User Agent: Mozilla/5.0 (Windows NT 10.0; Win64; x64; rv:70.0) Gecko/20100101 Firefox/70.0

Steps to reproduce:

Used either a nested setTimeout or a setInterval function with a delay of 1000/60 (for 60fps) which measured the delay between intervals and outputted the average number of intervals per second. Tried the same thing while using the performance profiler, to diagnose delay issues.

Actual results:

Function performed at 25-32ms delay, rather than expected 16-18ms, averaging between 33fps and 41fps. Halving the delay actually resulted in the expected framerate. Using the performance profiler on the original delay resulted in the expected framerate as well, but it returned to 33fps upon closing the developer tools after using the profiler. Because the delay behaves as expected only when using the performance profiler, diagnosing was impossible. Behavior was the same regardless of the complexity of the function within, and persisted across new profiles and between Firefox 69 and 70. Using requestAnimationFrame also resulted in the expected framerate regardless of whether the profiler was used, but this is impractical for my intents (the main loop of a game), due to being tied directly to rendering performance. Behavior persisted across reboots as well, but not between different computers. Behavior ceased on its own after several hours, but has happened multiple times.

Expected results:

Delay should have been close to the specified 16.666ms/60fps, and/or should have remained the same during profiling.

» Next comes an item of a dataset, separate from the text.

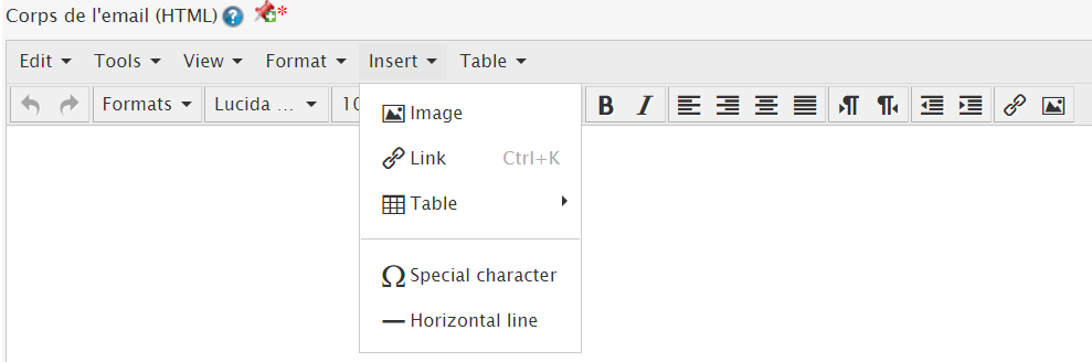 Si vous avez choisi le format HTML seulement, vous avez plusieurs possibilités pour faire votre texte :
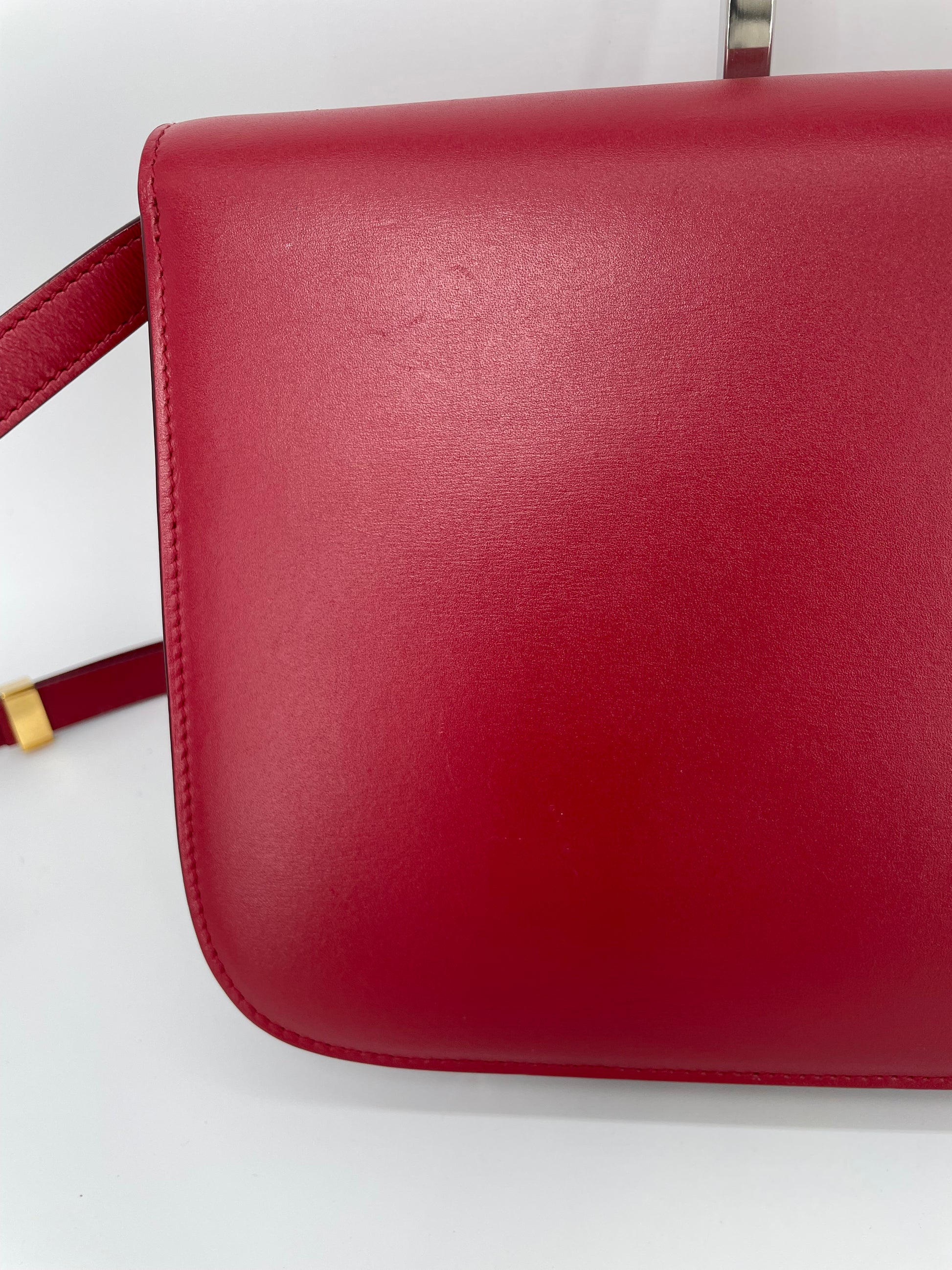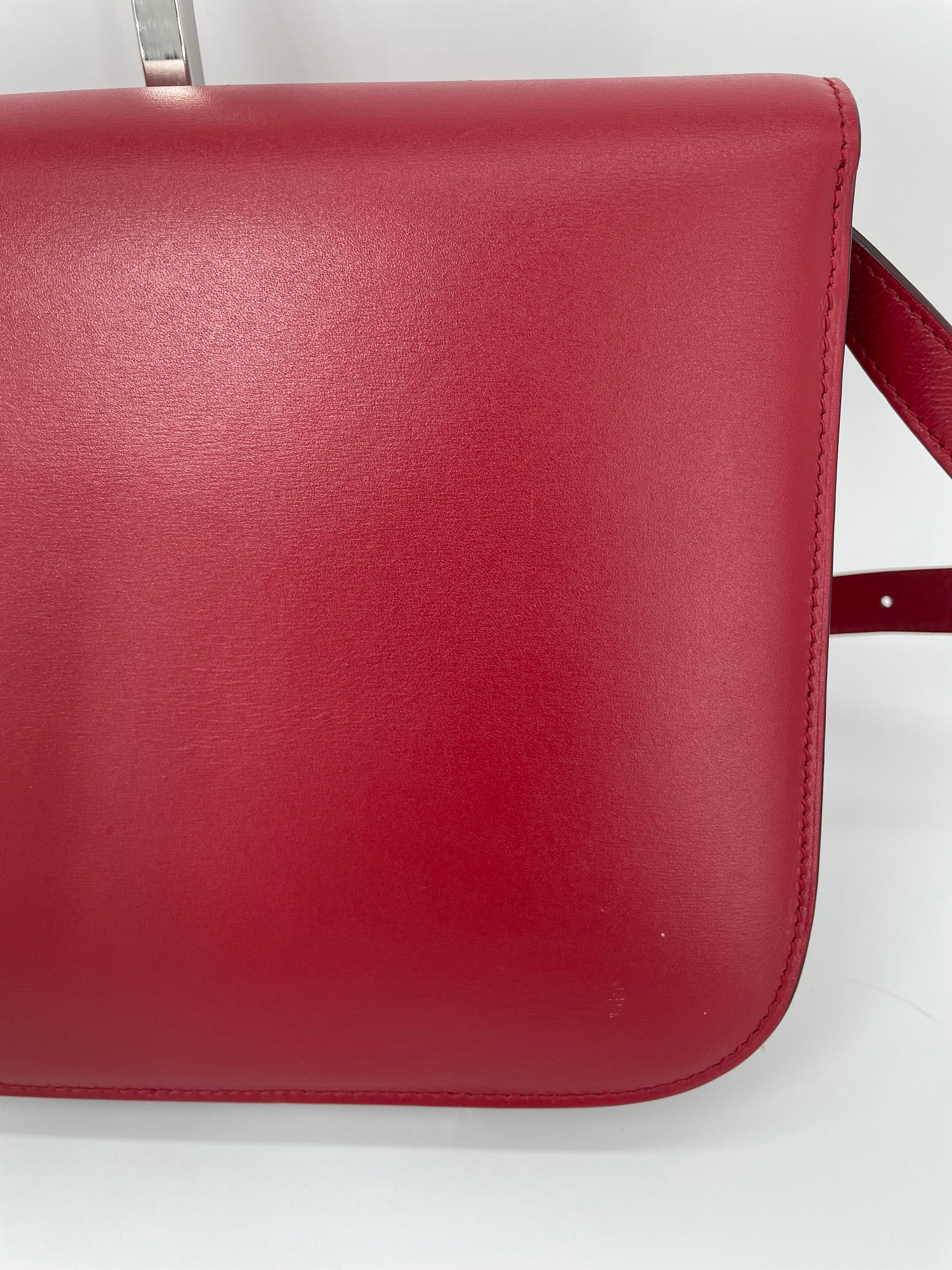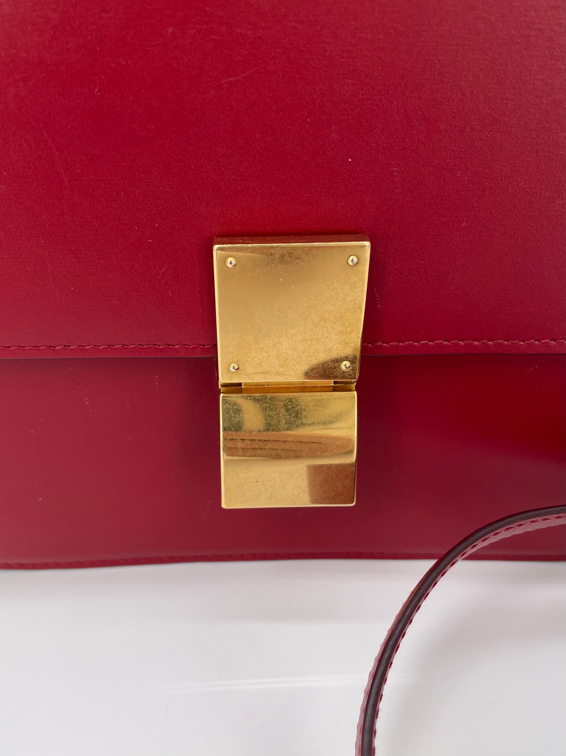 This is a stunning Celine Box Calfskin Medium Classic Box Flap Bag in Dark Brick Red. This elegant shoulder bag is crafted of fine smooth box calfskin leather with complementing goldtone hardware. This handbag features an adjustable leather shoulder strap with aged gold hardware, and a matching gold press lock on the crossover flap that opens to two compartments, two small slip pockets and a zip close pocket.

OS: Unspecified → Windows 10
Hardware: Unspecified → x86_64
Component: Untriaged → Gecko Profiler
Product: Firefox → Core

Markus and Jan, I think you know more about how the JS engine and the profiler work together... Any idea about this?

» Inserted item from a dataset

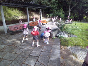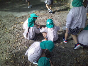 木々に囲まれながら、自然の中でのびのびと探索活動を楽しみました。

Should this bug be moved to Core/Javascript Engine, as it feels to me it's more a JS issue (or feature?) that the profiler somehow influences. (It would be nice if the profiler didn't influence what's it's measuring, even positively.) :-)

Flags: needinfo?(mstange)
Flags: needinfo?(jdemooij)

This is probably caused by insufficient Windows system timer resolution. See bug 1492523 comment 26 for a similar issue.

The recommended solution is to use requestAnimationFrame, because rAF does not rely on high-resolution timers - it uses monitor vsync instead, so it can be accurate even if the Windows system timer resolution is set to the default. If requestAnimationFrame does not work for your particular use case, then I don't have a solution for you, unfortunately.

Does Chrome fire timers accurately in your testing?

Flags: needinfo?(mstange)
Flags: needinfo?(jdemooij)

(In reply to Gerald Squelart [:gerald] from comment #1)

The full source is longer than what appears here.